Eh bien! si je pouvais me croire menacé
De voir un jour mon front souillé du diadême,
Tu le verrais, ce fer tourné contré moi-même:
Heureux, si par ce trait Cassius expirant
Montrait toute l'horreur qu'il a pour un tyran.
DECIMUS.
Vois dans chaque Romain, vois un tyrannicide.
CIMBER.
Que la main de Brutus saintement parricide,
Se retrouvant par-tout où se rencontre un roi,
Porte à tous les tyrans et la mort et l'effroi.
ROMAINS.
Que l'ami de César ainsi que lui périsse.
ANTOINE.
La liberté triomphe.
CASSIUS.
Et voilà ton supplice.
ROMAINS.
Aux vengeurs de l'état nos coeurs sont assurés.
CASSIUS.
Souvenez-vous toujours de ses sermens sacrés;
Mais avant tout, Romains, songez à la patrie,
Estimez vos vengeurs, mais point d'idolâtrie.
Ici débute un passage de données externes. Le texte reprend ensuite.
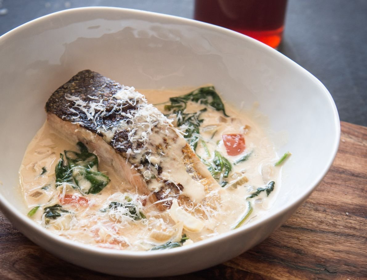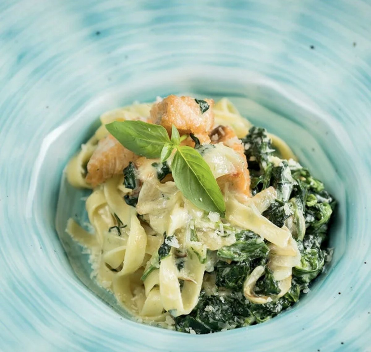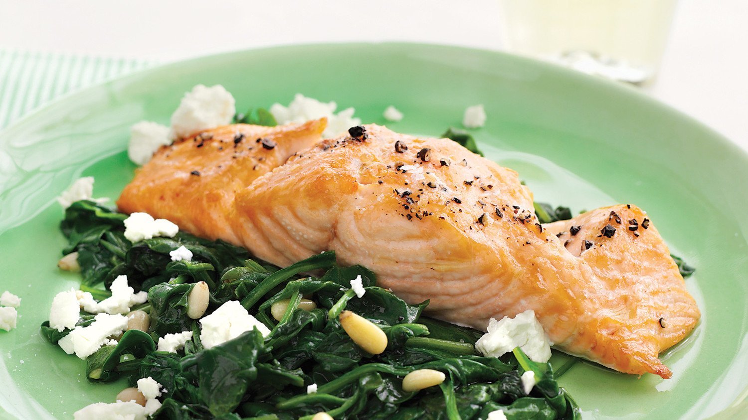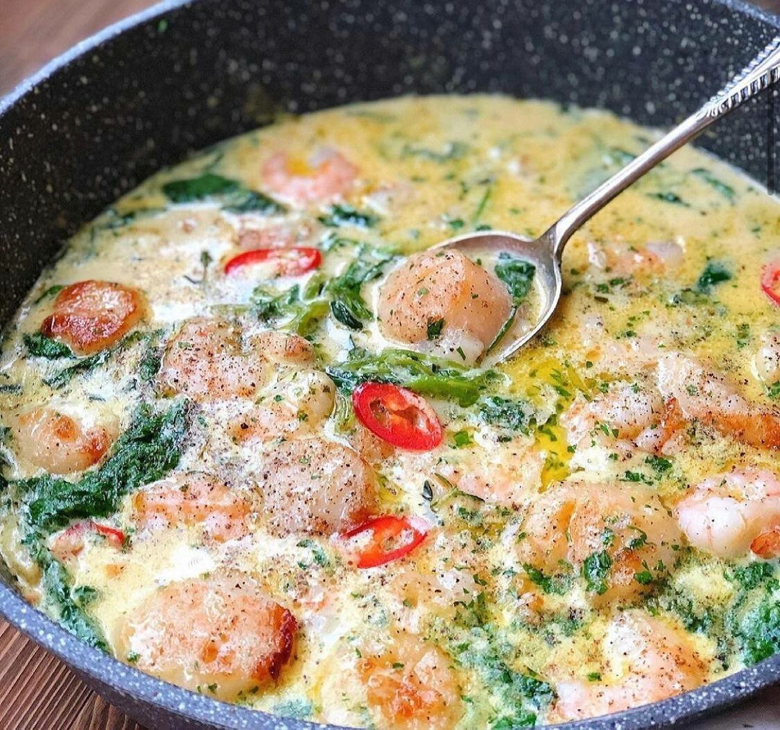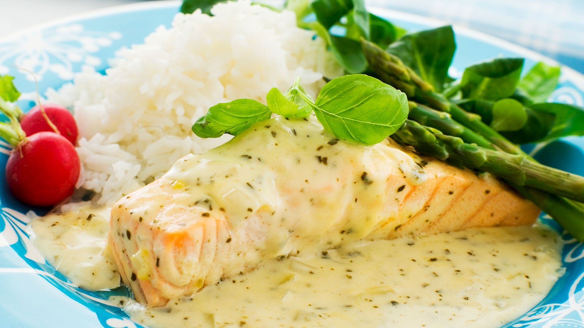 Филе лосося в сливочном соусе со шпинатом и грибами

Vous rentrez dans vos droits indignement perdus;
César vous les ravit, ils vous sont tous rendus.
Qu'à les défendre, amis, chacun de vous s'apprête;
Il faut la conserver cette grande conquête.
Peut-être avant la fin de ce jour solennel,
Vous aurez à combattre et le trône et l'autel;
César pour le venger, laisse en perdant la vie,
Les suppôts du mensonge et de la tyrannie.
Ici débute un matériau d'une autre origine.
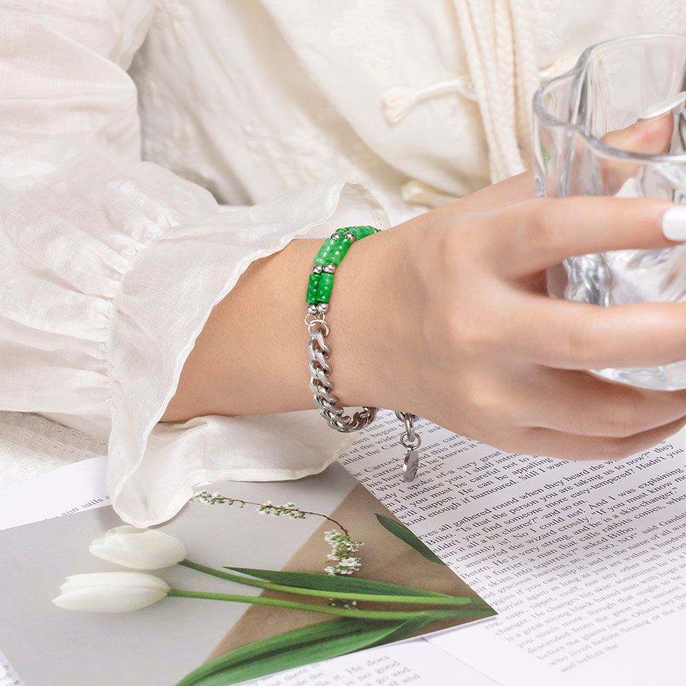 Green Bamboo Stone Layered Bracelet – Unisex Handmade Double-Layer Bamboo Stone Bracelet

Mais aucune frayeur ne doit nous captiver:
Qui veut rompre ses fers, doit savoir tout braver.
Qu'importé la mort même à l'homme de courage?
L'être libre par elle échappe à l'esclavage;
Et si la liberté pouvait jamais périr,
Cassius ne voudrait que l'honneur de mourir.
CIMBER.
Le même sentiment nous presse, nous anime.
DECIMUS.
Cimber t'annonce, ami, ce que pense Décime.
CASSIUS.
Eh bien! affermissons le règne heureux des loix,
Et ne portons le joug des prêtres ni des rois;
C'en est fait, désormais, ne souffrons rien dans Rome,
Qui puisse dégrader la dignité de l'homme.
Assez et trop long-tems des tyrans odieux
Ont caché leur faiblesse en s'entourant des dieux.
Laissons aux imposteurs le besoin de séduire;
Sur nous, sur l'univers la vérité va luire.
Républicains, voilà votre divinité:
C'est le dieu de Brutus, l'auguste liberté.